Permit me next, respectfully, to examine with what propriety it can be alleged, that escapes of this description are so far against the policy of the statute, as to render the construction of the court below proper and necessary. As it has truly been remarked, “this statute was passed for humane purposes;” it was among the first concessions which were made by that inflexible spirit, which has hitherto maintained its hold on society, authorizing imprisonment for debt. Coeval with the authority of imprisonment for debt have been the exertions of men of intelligence, of reflection, and philanthropy, to mitigate its rigor; of men who viewed it as a practice fundamentally wrong, a practice, which forces their fellow-creatures from society, from their friends and their agonized families, into the dreary walls of a prison; which compels them to leave all those fascinating endearments, to become an inmate with vermin; which confines them within the same walls that contain the midnight incendiary and the ruthless assassin; not for crimes which theyhave committed; not for frauds which they have practised on the credulous and unwary; (for such distinctions are not made;) but for the misfortune of being poor; of being unable to satisfy the all-digesting stomach of some ravenous creditor; of men who looked upon the practice as confounding virtue and vice, and destroying the distinction between guilt and innocence, which should unceasingly be cherished in every well regulated government.

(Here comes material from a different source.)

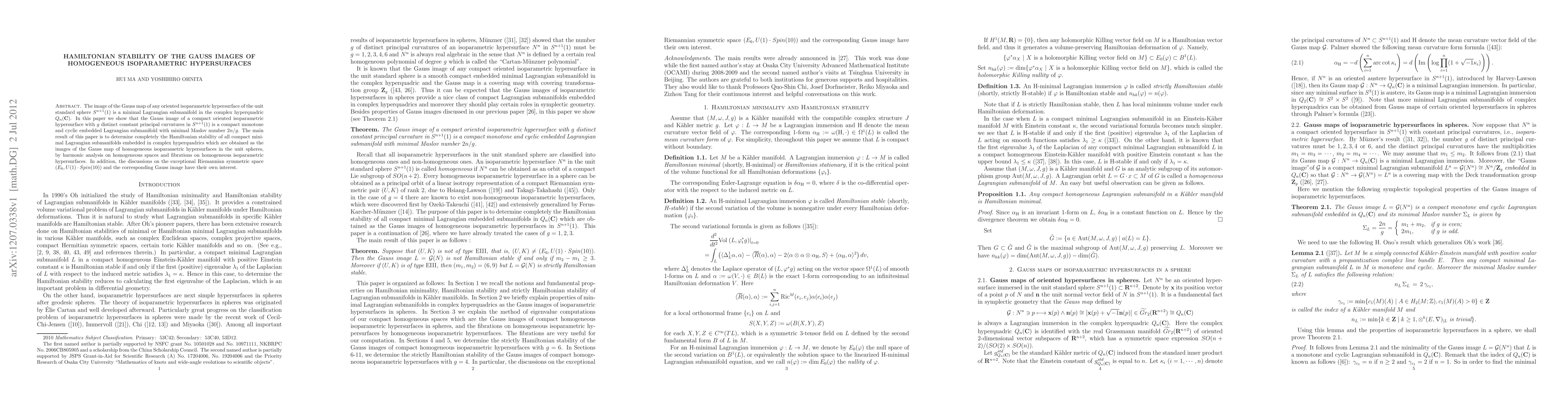This paper explores the Hamiltonian stability of Gauss images of homogeneous isoparametric hypersurfaces in unit spheres, demonstrating they are compact, cyclic, and monotone Lagrangian submanifolds with minimal Maslov number. The main achievement is a complete determination of the Hamiltonian stability of these submanifolds using harmonic analysis on homogeneous spaces.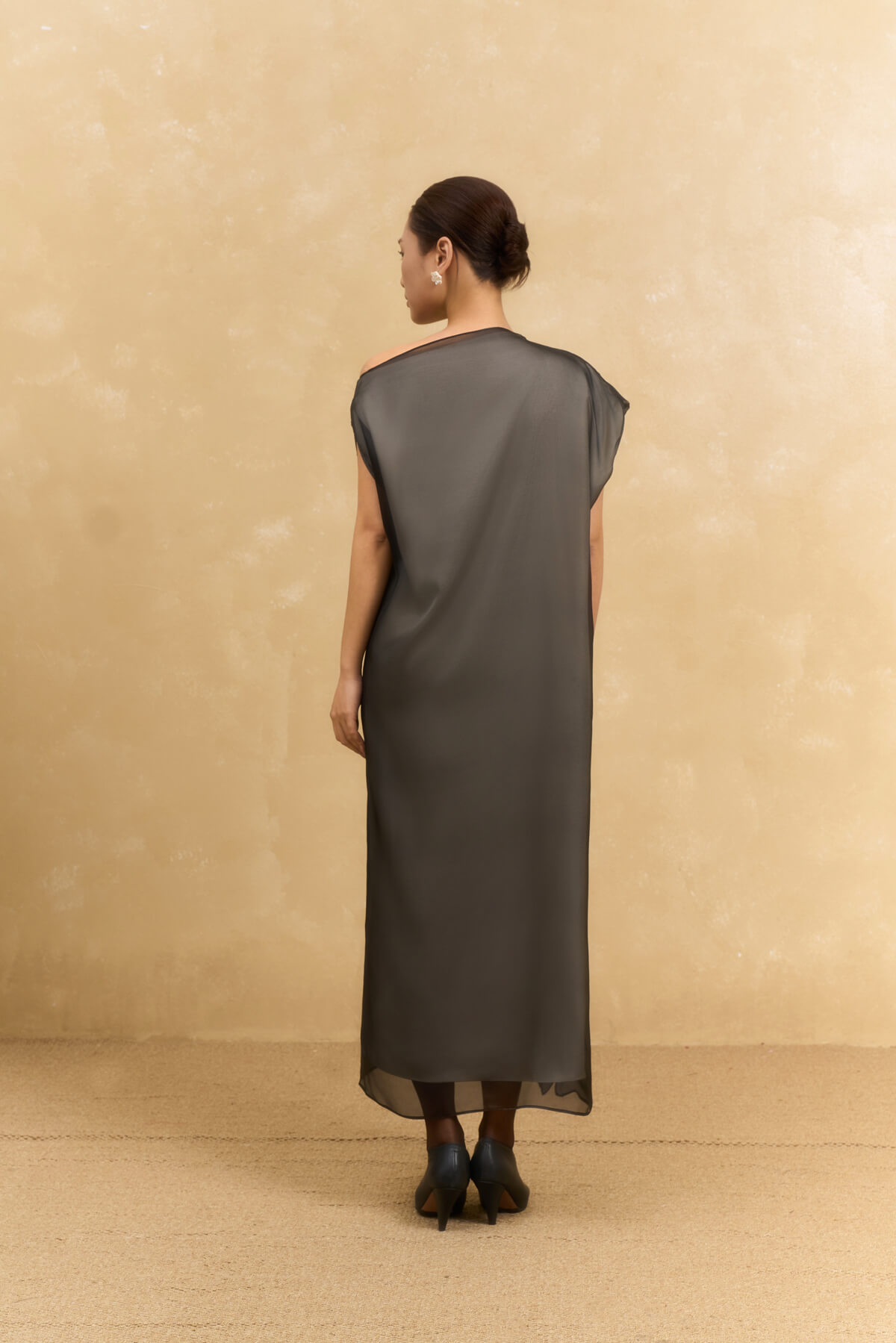 The Munn Off-The-Shoulder Silk Dress is a sophisticated fusion of a structured “Queen Silk” base and an outer layer of black silk. Crafted from high-quality, wrinkle-resistant fabric that is gentle on the skin, it ensures total comfort all day long.

Although not completely successful, they have in part succeeded, and the act under discussion was intended as an amelioration of the rigor of imprisonment for debt. How, then, I ask, ought such an act to be construed? Rigorously, or liberally? What is its policy? It is, say the supreme court, humanity. How, then, should it be construed? Why, liberally and humanely. What was the old law, the mischief and the remedy? By the old law, a person imprisoned for debt was confined to the damp walls of the prison: that imprisonment was the mischief intended to be remedied by the statute; and the remedy to be afforded was an enlargement of the prisoner, and confining him to the liberties instead of the walls of the prison. It is our duty to construe the act so as to remove the mischief and promote the remedy; and, in my humble opinion, the construction I contend against would not effect either.
The act professes to give a portion of liberty to the unfortunate debtor; but by the construction set up, the legislature are made to exact a price for it which very few indeed could pay. These objects of legislative favour are generally poor; and, by consequently, too often friendless. The exacted rigor of the confinement to the limits is such as requires the utmost prudence and temperance to comply with. It compels the prisoner not only to be proof against surprise, but to subdue every feeling of humanity; a rigor which maintains its force, whether the prisoner is forced from the limits, to save the life of a fellow-creature, which he sees in imminent danger, or to extinguish the flames which threaten to consume the property, and endanger the lives, of his fellow-citizens; which admits of no excuse but the ignorance of that which the prisoner, above every other thing, ought to know, viz. the extent of the limits.
Should this rule ever become the established law of the land, how many will be able to get bail? What prudent man will become bail? If such can be supposed to have been the intention of the legislature, every man’s observation must satisfy him, that the number who could partake of this legislative favor would be few indeed.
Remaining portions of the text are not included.